* [TASK REQUIREMENTS]
In the material below, the line holding "15 августа, в" and every line after it should be reproduced exactly, please, with pictures omitted.

* [DATA SHOWN]

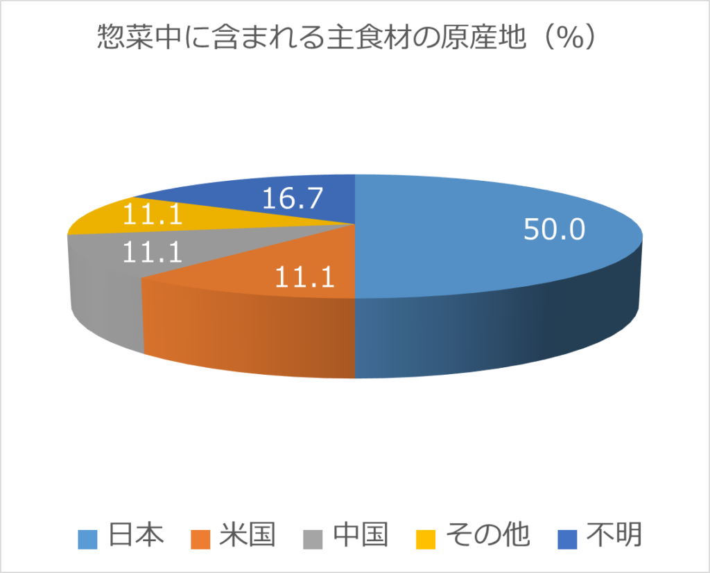 惣菜に使われる主食材(魚・肉・野菜など)の原産地の多くは日本国内でした。
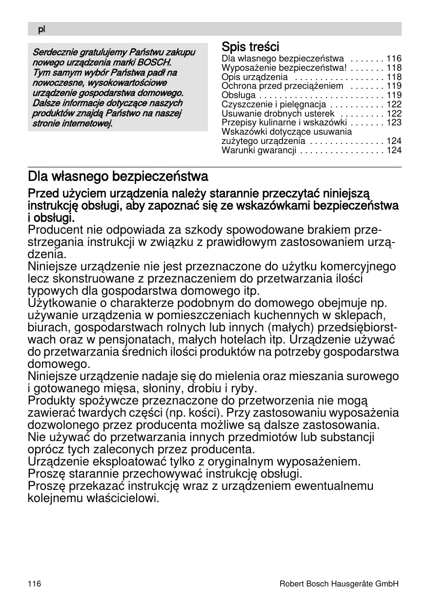 - Warunki gwarancji Dla własnego bezpieczeństwa Przed użyciem urządzenia należy starannie przeczytać niniejszą instrukcję obsługi, aby zapoznać się ze wskazówkami bezpieczeństwa i obsługi. Producent nie odpowiada za szkody spowodowane brakiem przestrzegania instrukcji w związku z prawidłowym zastosowaniem urządzenia. Niniejsze urządzenie nie jest przeznaczone do użytku komercyjnego lecz skonstruowane z przeznaczeniem do przetwarzania ilości typowych dla gospodarstwa domowego itp. Użytkowanie o charakterze podobnym do domowego obejmuje np. używanie urządzenia w pomieszczeniach kuchennych w sklepach, biurach, gospodarstwach rolnych lub innych (małych) przedsiębiorstwach oraz w pensjonatach, małych hotelach itp. Urządzenie używać do przetwarzania średnich ilości produktów na potrzeby gospodarstwa domowego. Niniejsze urządzenie nadaje się do mielenia oraz mieszania surowego i gotowanego mięsa, słoniny, drobiu i ryby. Produkty spożywcze przeznaczone do przetworzenia nie mogą zawierać twardych części (np. kości). Przy zastosowaniu wyposażenia dozwolonego przez producenta możliwe są dalsze zastosowania. Nie używać do przetwarzania innych przedmiotów lub substancji oprócz tych zaleconych przez producenta. Urządzenie eksploatować tylko z oryginalnym wyposażeniem. Proszę starannie przechowywać instrukcję obsługi. Proszę przekazać instrukcję wraz z urządzeniem ewentualnemu kolejnemu właścicielowi. p. 124
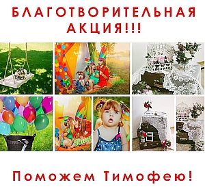 15 августа, в пятницу, с 17.00 до 20.00 в парке напротив "Мегацентра" каждый сможет пожертвовать посильную сумму на лечение Тимофея и получить красивые фотоснимки своих деток или семейное фото от трех профессиональных фотографов!
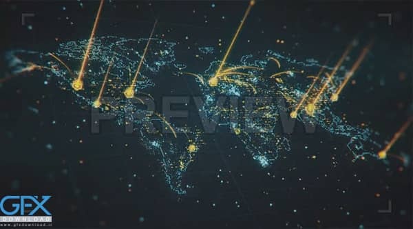 دانلود فوتیج هولوگرام نقشه جهان با نمایش نقاط و اتصالات درخشان

* [EXPECTED OUTPUT]
 15 августа, в пятницу, с 17.00 до 20.00 в парке напротив "Мегацентра" каждый сможет пожертвовать посильную сумму на лечение Тимофея и получить красивые фотоснимки своих деток или семейное фото от трех профессиональных фотографов!
 دانلود فوتیج هولوگرام نقشه جهان با نمایش نقاط و اتصالات درخشان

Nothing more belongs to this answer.